Records for the exercise =>
○ ○ ○ ○ ○

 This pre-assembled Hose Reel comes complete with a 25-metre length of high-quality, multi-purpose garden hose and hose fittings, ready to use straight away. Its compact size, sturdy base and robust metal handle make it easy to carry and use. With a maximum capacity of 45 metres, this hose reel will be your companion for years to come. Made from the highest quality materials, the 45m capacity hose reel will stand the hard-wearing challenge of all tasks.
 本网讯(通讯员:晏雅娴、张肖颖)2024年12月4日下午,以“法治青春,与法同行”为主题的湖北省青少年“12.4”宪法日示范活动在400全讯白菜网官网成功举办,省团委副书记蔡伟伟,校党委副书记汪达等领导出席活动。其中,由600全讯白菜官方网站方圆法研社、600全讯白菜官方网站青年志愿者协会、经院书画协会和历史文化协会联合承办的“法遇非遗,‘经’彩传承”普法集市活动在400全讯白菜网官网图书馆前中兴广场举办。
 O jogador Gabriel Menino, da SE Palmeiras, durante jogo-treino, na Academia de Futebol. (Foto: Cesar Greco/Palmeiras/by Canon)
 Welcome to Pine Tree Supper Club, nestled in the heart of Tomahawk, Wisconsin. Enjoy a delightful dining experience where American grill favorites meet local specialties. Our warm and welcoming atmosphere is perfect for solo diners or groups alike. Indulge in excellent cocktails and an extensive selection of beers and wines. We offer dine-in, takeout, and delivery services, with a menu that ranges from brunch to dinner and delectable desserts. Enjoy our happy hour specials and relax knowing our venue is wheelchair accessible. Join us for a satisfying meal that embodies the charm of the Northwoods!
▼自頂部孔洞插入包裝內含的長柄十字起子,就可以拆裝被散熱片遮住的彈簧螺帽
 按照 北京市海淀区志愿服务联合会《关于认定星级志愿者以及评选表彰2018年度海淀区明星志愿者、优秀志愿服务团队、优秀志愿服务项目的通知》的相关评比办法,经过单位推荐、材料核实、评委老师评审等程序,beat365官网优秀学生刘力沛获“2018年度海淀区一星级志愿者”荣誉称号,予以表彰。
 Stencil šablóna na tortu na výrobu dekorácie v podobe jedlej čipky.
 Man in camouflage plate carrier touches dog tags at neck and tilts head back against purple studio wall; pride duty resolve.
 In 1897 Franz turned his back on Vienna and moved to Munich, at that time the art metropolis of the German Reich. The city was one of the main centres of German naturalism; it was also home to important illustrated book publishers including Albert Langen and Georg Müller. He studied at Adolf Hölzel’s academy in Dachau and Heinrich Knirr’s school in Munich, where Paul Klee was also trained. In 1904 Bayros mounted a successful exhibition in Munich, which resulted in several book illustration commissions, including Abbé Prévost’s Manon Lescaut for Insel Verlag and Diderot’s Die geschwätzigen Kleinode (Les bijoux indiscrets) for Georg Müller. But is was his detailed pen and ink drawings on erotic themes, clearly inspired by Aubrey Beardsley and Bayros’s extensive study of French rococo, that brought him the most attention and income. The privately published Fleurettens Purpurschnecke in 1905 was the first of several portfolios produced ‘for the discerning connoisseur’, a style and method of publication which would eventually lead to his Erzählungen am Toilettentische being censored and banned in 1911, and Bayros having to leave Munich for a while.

○ ○ ○ ○ ○

A faithful copy of all the records is required.

 This pre-assembled Hose Reel comes complete with a 25-metre length of high-quality, multi-purpose garden hose and hose fittings, ready to use straight away. Its compact size, sturdy base and robust metal handle make it easy to carry and use. With a maximum capacity of 45 metres, this hose reel will be your companion for years to come. Made from the highest quality materials, the 45m capacity hose reel will stand the hard-wearing challenge of all tasks.
 本网讯(通讯员:晏雅娴、张肖颖)2024年12月4日下午,以“法治青春,与法同行”为主题的湖北省青少年“12.4”宪法日示范活动在400全讯白菜网官网成功举办,省团委副书记蔡伟伟,校党委副书记汪达等领导出席活动。其中,由600全讯白菜官方网站方圆法研社、600全讯白菜官方网站青年志愿者协会、经院书画协会和历史文化协会联合承办的“法遇非遗,‘经’彩传承”普法集市活动在400全讯白菜网官网图书馆前中兴广场举办。
 O jogador Gabriel Menino, da SE Palmeiras, durante jogo-treino, na Academia de Futebol. (Foto: Cesar Greco/Palmeiras/by Canon)
 Welcome to Pine Tree Supper Club, nestled in the heart of Tomahawk, Wisconsin. Enjoy a delightful dining experience where American grill favorites meet local specialties. Our warm and welcoming atmosphere is perfect for solo diners or groups alike. Indulge in excellent cocktails and an extensive selection of beers and wines. We offer dine-in, takeout, and delivery services, with a menu that ranges from brunch to dinner and delectable desserts. Enjoy our happy hour specials and relax knowing our venue is wheelchair accessible. Join us for a satisfying meal that embodies the charm of the Northwoods!
▼自頂部孔洞插入包裝內含的長柄十字起子,就可以拆裝被散熱片遮住的彈簧螺帽
 按照 北京市海淀区志愿服务联合会《关于认定星级志愿者以及评选表彰2018年度海淀区明星志愿者、优秀志愿服务团队、优秀志愿服务项目的通知》的相关评比办法,经过单位推荐、材料核实、评委老师评审等程序,beat365官网优秀学生刘力沛获“2018年度海淀区一星级志愿者”荣誉称号,予以表彰。
 Stencil šablóna na tortu na výrobu dekorácie v podobe jedlej čipky.
 Man in camouflage plate carrier touches dog tags at neck and tilts head back against purple studio wall; pride duty resolve.
 In 1897 Franz turned his back on Vienna and moved to Munich, at that time the art metropolis of the German Reich. The city was one of the main centres of German naturalism; it was also home to important illustrated book publishers including Albert Langen and Georg Müller. He studied at Adolf Hölzel’s academy in Dachau and Heinrich Knirr’s school in Munich, where Paul Klee was also trained. In 1904 Bayros mounted a successful exhibition in Munich, which resulted in several book illustration commissions, including Abbé Prévost’s Manon Lescaut for Insel Verlag and Diderot’s Die geschwätzigen Kleinode (Les bijoux indiscrets) for Georg Müller. But is was his detailed pen and ink drawings on erotic themes, clearly inspired by Aubrey Beardsley and Bayros’s extensive study of French rococo, that brought him the most attention and income. The privately published Fleurettens Purpurschnecke in 1905 was the first of several portfolios produced ‘for the discerning connoisseur’, a style and method of publication which would eventually lead to his Erzählungen am Toilettentische being censored and banned in 1911, and Bayros having to leave Munich for a while.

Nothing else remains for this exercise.